Mexico’s peso rose as stronger-than- forecast growth and speculation that the government will pass legislation to boost gross domestic product fueled confidence in Latin America’s second-biggest economy.
The currency advanced 0.6 percent to 12.6526 per U.S. dollar at 9:05 a.m. in Mexico City, according to data compiled by Bloomberg. It earlier rose to the highest intraday level since March 27. The peso has rallied 1.6 percent this year.
Mexico’s peso increased the most among major Latin American currencies after the government said the economy expanded in October from a year earlier at the fastest pace since July. The political outlook remains “supportive” for legislative changes that President Enrique Pena Nieto is trying to pass to boost economic growth, Bank of Nova Scotia (BNS) wrote today in a note to clients.

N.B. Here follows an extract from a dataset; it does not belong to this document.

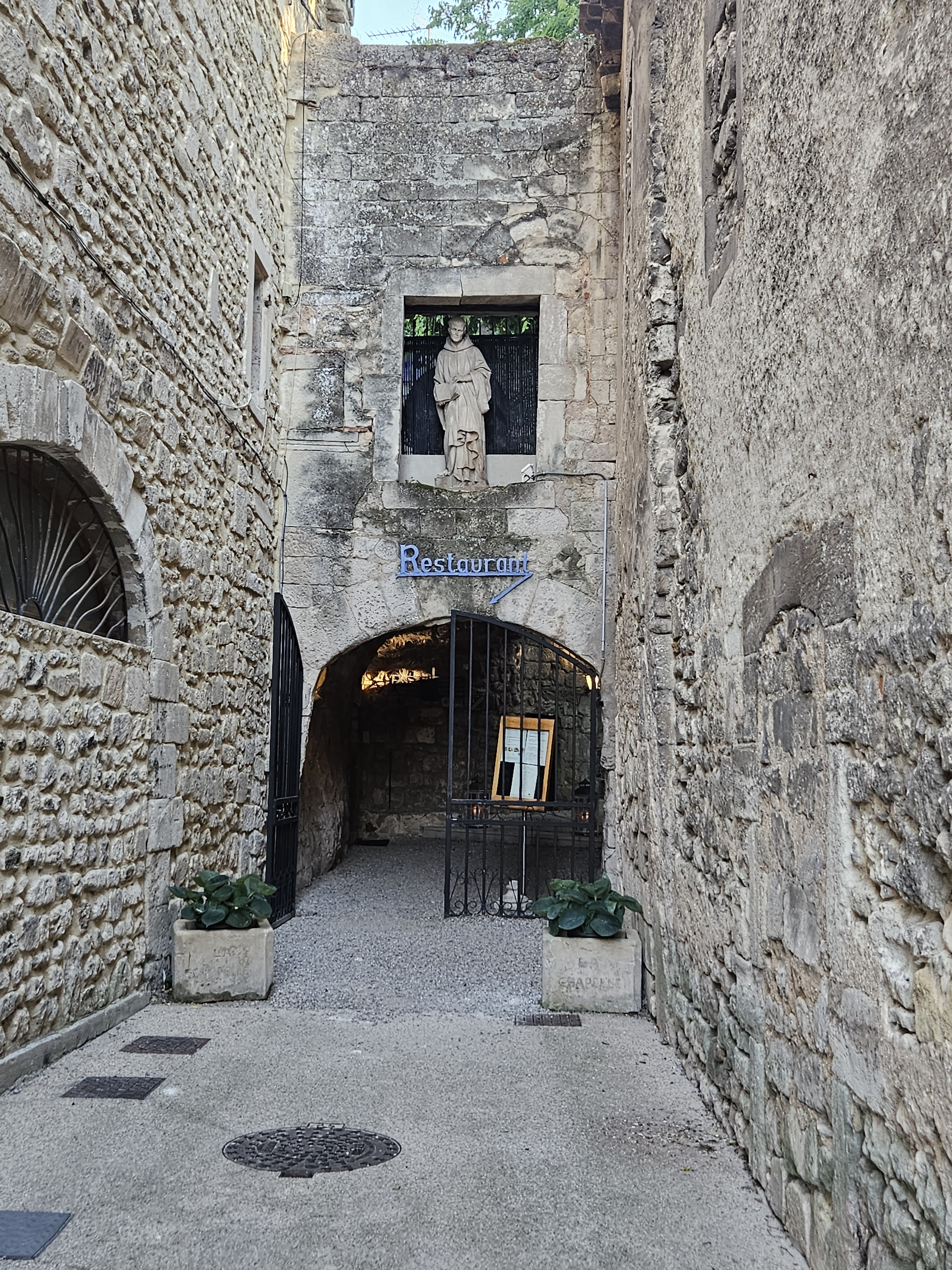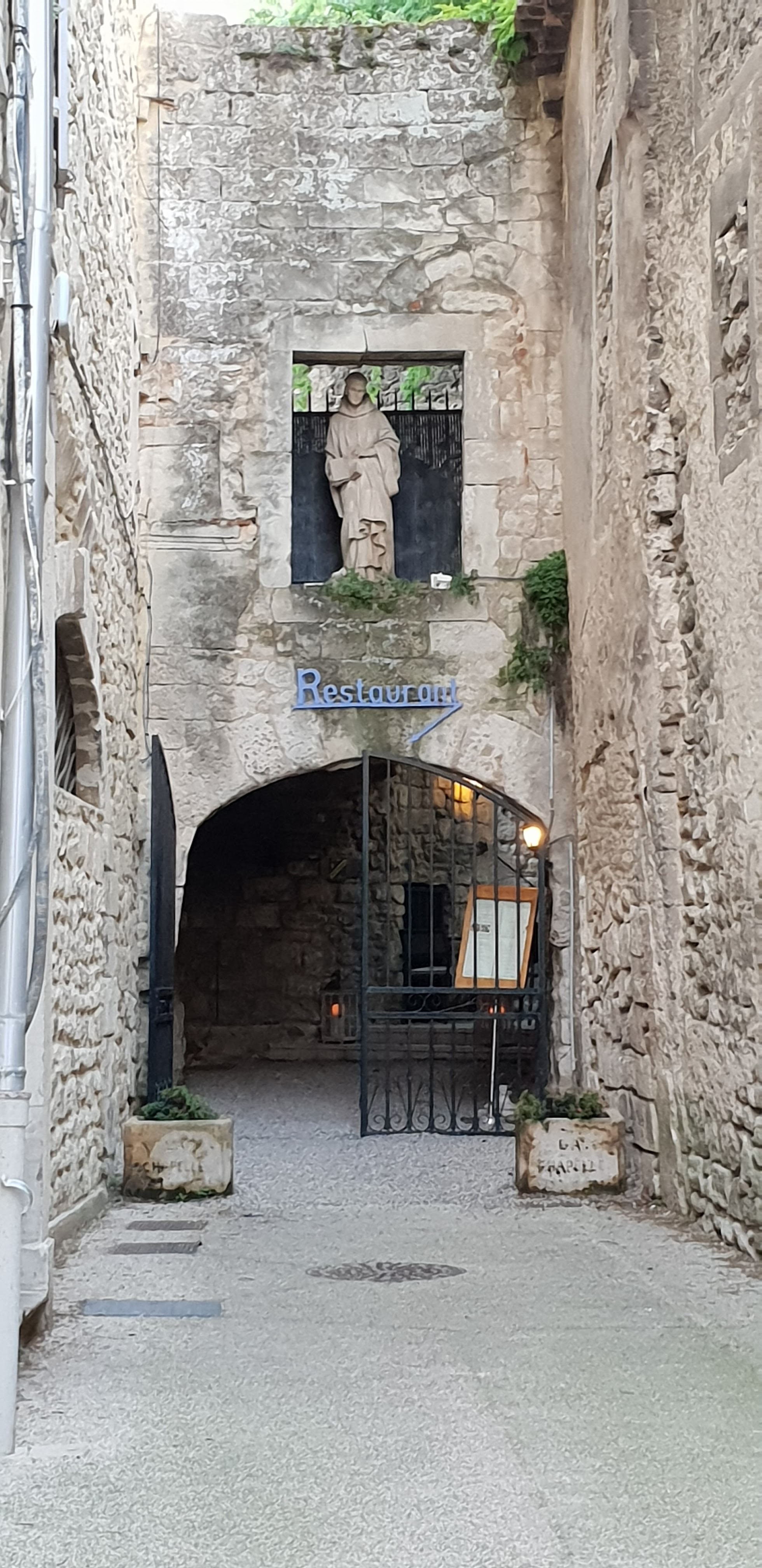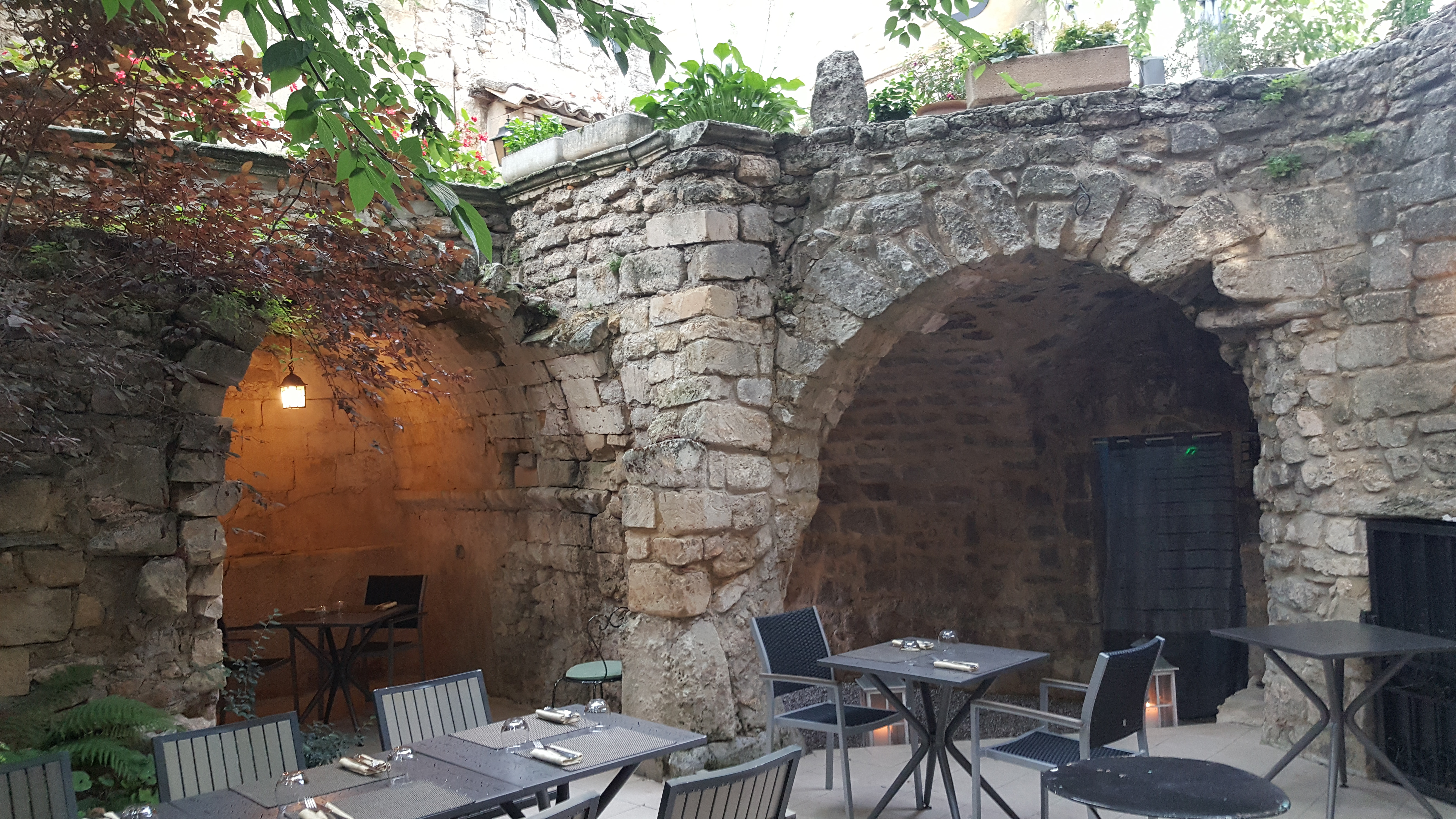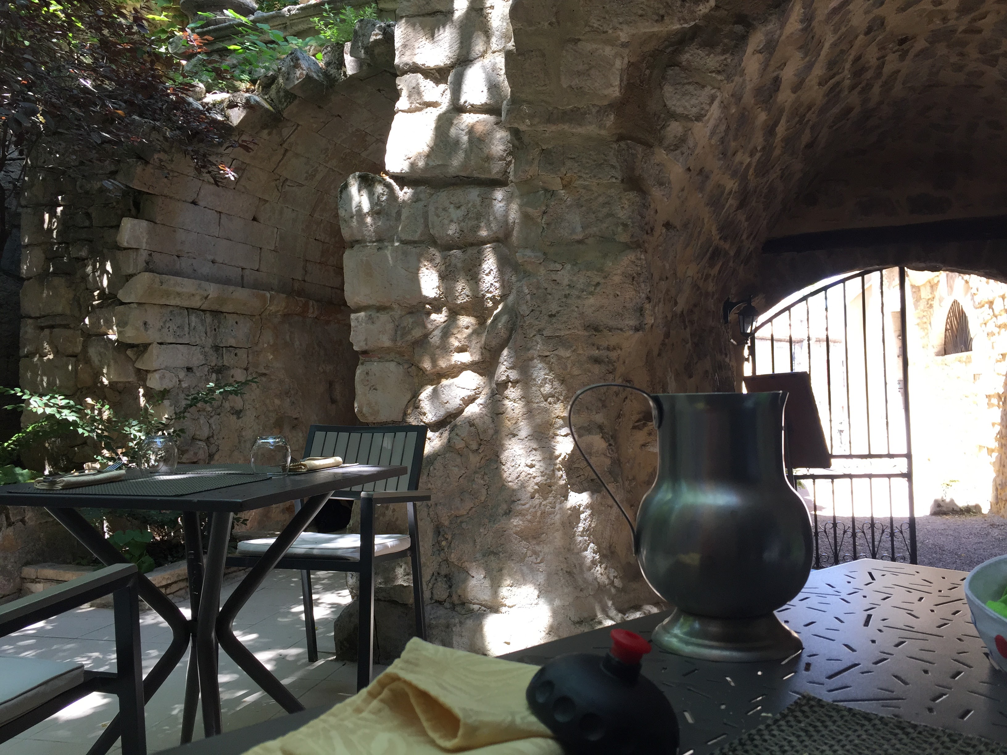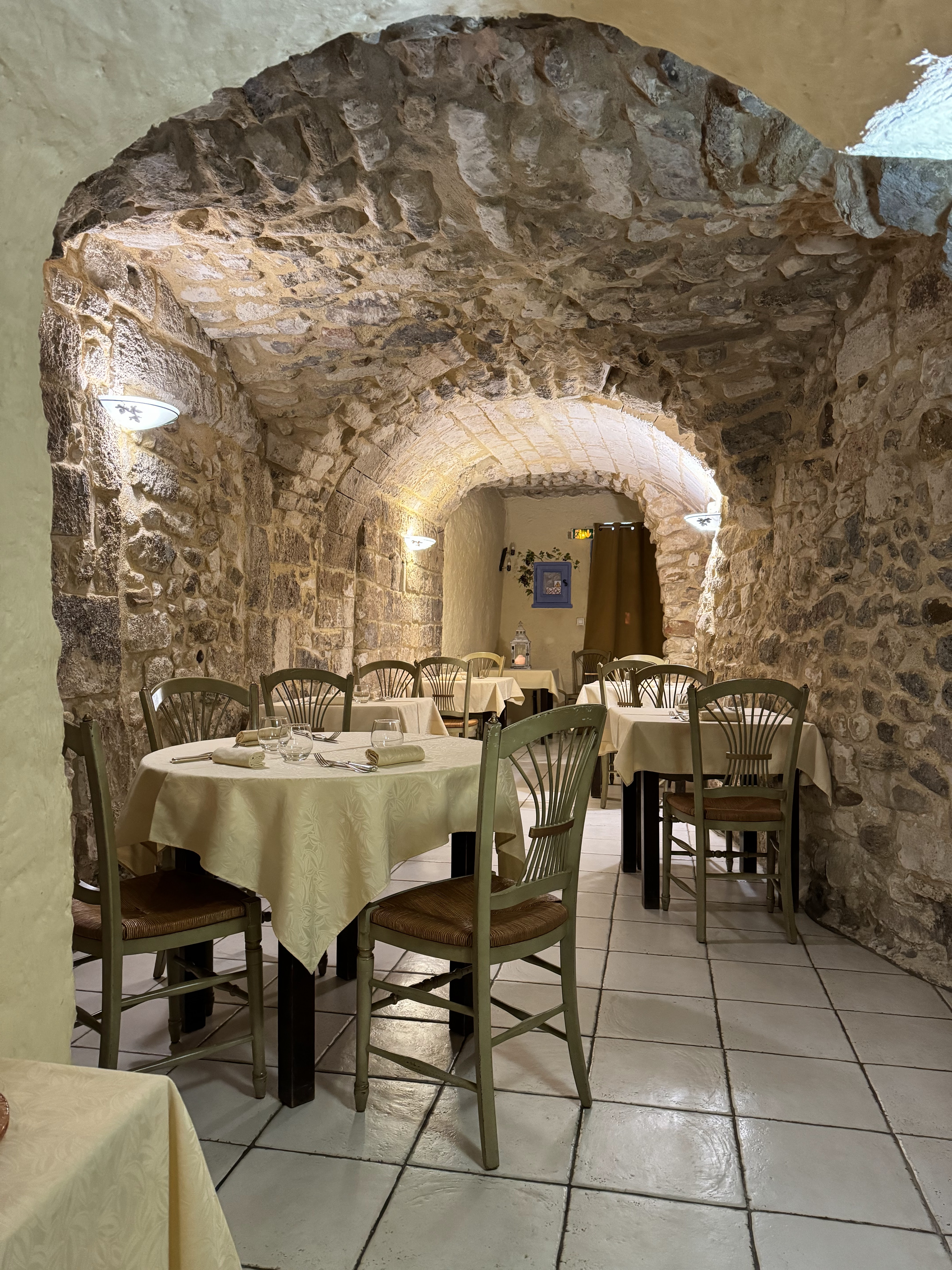 Un restaurant dans un lieu très agréable au milieu de pierre, cave voûtée et terrasse ombragée

“Big players are getting into the peso,” Ramon Cordova, a currency trader at Banco Base SA in San Pedro Garza Garcia, Mexico, said in a phone interview. The economic data showing stronger-than-forecast growth “is an additional push on the peso.”
Mexico’s economy expanded 4.33 percent in October from a year earlier, the national statistics agency said today on its website. The increase in the global economic indicator, a proxy for gross domestic product, was expected to be 3.85 percent, according to the median estimate of 16 analysts surveyed by Bloomberg.
The number of wagers by hedge funds and other large speculators for a gain in the peso outnumbered those for a decrease in the futures market by 141,752 last week, up from 86,787 in November.
The yield on fixed-rated peso bonds due in 2024 was little changed at 5.5 percent, according to data compiled by Bloomberg. The price rose 0.01 centavo to 139.33 centavos per peso.